Task to carry out =
Nothing before the line containing "مَن لا يَشغَلُه" belongs in the answer; quote that line and all lines after it through the end of the material, word for word.

Given records =
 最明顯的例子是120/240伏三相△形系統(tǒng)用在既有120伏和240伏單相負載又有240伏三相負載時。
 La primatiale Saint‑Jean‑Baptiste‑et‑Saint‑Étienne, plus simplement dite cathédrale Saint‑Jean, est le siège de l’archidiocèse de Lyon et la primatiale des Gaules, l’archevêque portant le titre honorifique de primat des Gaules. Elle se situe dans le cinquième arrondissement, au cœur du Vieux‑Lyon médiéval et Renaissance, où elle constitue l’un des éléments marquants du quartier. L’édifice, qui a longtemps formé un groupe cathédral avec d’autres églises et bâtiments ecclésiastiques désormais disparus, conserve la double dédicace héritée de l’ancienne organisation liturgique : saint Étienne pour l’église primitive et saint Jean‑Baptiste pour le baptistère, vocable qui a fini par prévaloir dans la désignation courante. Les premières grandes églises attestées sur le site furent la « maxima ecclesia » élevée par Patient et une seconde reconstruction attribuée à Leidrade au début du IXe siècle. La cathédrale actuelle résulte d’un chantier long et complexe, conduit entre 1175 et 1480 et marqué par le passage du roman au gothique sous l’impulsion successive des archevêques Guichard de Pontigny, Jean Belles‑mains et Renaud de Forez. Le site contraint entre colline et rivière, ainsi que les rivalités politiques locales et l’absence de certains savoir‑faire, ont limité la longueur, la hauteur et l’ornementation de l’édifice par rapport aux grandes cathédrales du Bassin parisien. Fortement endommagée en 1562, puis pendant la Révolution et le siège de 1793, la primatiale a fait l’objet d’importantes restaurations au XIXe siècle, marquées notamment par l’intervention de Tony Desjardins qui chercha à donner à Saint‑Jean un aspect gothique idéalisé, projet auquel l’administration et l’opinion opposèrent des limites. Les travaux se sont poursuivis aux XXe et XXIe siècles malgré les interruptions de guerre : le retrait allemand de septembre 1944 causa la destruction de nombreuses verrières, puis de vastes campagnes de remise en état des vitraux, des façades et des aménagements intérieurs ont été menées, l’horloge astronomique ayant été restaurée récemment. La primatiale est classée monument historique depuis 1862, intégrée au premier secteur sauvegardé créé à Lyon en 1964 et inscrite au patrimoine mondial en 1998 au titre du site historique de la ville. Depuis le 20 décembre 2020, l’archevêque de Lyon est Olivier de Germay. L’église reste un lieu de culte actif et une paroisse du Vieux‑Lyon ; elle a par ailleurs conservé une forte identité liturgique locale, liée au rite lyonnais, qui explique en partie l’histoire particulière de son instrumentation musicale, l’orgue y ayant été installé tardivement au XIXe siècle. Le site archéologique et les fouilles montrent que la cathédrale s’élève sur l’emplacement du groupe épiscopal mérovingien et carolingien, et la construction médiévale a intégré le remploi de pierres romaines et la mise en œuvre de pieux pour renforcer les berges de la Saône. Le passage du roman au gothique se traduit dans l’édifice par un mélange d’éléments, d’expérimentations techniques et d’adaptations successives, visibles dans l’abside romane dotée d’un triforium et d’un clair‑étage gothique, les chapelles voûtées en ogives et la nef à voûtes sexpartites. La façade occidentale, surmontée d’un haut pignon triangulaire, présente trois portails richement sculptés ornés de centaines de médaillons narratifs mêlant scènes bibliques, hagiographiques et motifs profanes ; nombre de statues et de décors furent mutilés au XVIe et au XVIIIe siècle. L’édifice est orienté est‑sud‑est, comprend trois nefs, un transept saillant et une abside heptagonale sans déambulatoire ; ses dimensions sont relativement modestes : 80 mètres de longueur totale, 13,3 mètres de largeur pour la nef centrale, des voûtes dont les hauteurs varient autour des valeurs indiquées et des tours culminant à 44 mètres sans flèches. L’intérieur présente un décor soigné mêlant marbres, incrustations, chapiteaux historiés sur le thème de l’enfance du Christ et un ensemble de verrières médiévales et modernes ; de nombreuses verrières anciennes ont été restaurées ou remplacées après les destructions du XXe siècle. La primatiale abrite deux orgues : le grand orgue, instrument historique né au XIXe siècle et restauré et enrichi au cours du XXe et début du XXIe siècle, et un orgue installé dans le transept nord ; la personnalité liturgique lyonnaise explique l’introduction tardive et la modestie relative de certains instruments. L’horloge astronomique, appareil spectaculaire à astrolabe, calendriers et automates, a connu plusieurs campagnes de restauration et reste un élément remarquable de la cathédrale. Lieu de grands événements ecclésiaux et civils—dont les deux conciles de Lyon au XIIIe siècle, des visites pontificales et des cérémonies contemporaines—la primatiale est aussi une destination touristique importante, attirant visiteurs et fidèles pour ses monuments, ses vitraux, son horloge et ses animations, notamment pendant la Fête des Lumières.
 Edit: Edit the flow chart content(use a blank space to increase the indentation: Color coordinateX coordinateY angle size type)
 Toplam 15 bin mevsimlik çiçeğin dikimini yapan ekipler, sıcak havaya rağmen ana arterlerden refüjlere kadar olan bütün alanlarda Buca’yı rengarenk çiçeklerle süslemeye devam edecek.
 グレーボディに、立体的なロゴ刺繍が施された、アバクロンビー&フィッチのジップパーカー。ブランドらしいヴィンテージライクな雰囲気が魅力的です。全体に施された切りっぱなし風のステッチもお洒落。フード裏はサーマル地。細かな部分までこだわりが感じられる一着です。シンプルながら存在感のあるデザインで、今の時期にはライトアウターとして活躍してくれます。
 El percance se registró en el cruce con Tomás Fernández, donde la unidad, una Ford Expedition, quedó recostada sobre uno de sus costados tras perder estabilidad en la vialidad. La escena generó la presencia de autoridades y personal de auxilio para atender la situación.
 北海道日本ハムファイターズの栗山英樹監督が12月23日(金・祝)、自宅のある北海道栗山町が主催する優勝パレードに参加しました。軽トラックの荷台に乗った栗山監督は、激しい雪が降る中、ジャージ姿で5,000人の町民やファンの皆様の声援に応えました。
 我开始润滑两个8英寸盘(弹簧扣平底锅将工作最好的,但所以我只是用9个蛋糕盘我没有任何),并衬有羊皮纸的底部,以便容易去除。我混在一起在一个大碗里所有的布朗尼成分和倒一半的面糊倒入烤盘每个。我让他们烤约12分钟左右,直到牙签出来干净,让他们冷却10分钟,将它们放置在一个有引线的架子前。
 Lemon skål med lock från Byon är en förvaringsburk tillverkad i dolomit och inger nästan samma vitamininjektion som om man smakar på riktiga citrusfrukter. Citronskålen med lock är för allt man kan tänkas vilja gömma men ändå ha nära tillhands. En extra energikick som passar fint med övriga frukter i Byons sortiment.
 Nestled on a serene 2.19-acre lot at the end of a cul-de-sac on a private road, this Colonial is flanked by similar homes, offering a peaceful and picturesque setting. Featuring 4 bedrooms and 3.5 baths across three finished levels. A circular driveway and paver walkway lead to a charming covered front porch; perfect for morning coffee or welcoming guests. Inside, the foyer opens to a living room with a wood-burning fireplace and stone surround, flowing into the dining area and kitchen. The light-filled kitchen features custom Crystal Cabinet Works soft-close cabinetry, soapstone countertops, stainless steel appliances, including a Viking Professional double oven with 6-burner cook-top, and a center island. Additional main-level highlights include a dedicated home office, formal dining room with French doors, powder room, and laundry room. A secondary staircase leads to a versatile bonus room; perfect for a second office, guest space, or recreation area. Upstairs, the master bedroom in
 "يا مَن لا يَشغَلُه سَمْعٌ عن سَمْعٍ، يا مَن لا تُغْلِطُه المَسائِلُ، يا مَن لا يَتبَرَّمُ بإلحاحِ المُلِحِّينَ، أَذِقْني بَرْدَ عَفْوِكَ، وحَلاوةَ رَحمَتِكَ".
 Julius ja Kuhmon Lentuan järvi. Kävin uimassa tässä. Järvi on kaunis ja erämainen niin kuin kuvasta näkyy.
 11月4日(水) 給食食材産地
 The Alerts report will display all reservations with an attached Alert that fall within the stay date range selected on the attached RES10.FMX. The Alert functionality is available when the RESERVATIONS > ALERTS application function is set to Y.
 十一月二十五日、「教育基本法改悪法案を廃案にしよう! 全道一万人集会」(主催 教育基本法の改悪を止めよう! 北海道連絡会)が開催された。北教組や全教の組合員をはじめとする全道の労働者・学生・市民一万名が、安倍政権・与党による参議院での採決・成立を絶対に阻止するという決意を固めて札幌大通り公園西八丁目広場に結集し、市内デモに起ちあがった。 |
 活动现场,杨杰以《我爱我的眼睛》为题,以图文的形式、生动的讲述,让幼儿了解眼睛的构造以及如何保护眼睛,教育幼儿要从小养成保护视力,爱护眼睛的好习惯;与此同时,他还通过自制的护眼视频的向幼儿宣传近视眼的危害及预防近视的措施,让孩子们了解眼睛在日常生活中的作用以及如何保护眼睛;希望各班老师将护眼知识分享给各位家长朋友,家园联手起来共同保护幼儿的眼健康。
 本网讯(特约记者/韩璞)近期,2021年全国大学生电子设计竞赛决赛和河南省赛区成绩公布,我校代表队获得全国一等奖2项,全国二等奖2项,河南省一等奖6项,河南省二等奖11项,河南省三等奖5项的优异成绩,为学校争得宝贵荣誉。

Answer to this problem =
 "يا مَن لا يَشغَلُه سَمْعٌ عن سَمْعٍ، يا مَن لا تُغْلِطُه المَسائِلُ، يا مَن لا يَتبَرَّمُ بإلحاحِ المُلِحِّينَ، أَذِقْني بَرْدَ عَفْوِكَ، وحَلاوةَ رَحمَتِكَ".
 Julius ja Kuhmon Lentuan järvi. Kävin uimassa tässä. Järvi on kaunis ja erämainen niin kuin kuvasta näkyy.
 11月4日(水) 給食食材産地
 The Alerts report will display all reservations with an attached Alert that fall within the stay date range selected on the attached RES10.FMX. The Alert functionality is available when the RESERVATIONS > ALERTS application function is set to Y.
 十一月二十五日、「教育基本法改悪法案を廃案にしよう! 全道一万人集会」(主催 教育基本法の改悪を止めよう! 北海道連絡会)が開催された。北教組や全教の組合員をはじめとする全道の労働者・学生・市民一万名が、安倍政権・与党による参議院での採決・成立を絶対に阻止するという決意を固めて札幌大通り公園西八丁目広場に結集し、市内デモに起ちあがった。 |
 活动现场,杨杰以《我爱我的眼睛》为题,以图文的形式、生动的讲述,让幼儿了解眼睛的构造以及如何保护眼睛,教育幼儿要从小养成保护视力,爱护眼睛的好习惯;与此同时,他还通过自制的护眼视频的向幼儿宣传近视眼的危害及预防近视的措施,让孩子们了解眼睛在日常生活中的作用以及如何保护眼睛;希望各班老师将护眼知识分享给各位家长朋友,家园联手起来共同保护幼儿的眼健康。
 本网讯(特约记者/韩璞)近期,2021年全国大学生电子设计竞赛决赛和河南省赛区成绩公布,我校代表队获得全国一等奖2项,全国二等奖2项,河南省一等奖6项,河南省二等奖11项,河南省三等奖5项的优异成绩,为学校争得宝贵荣誉。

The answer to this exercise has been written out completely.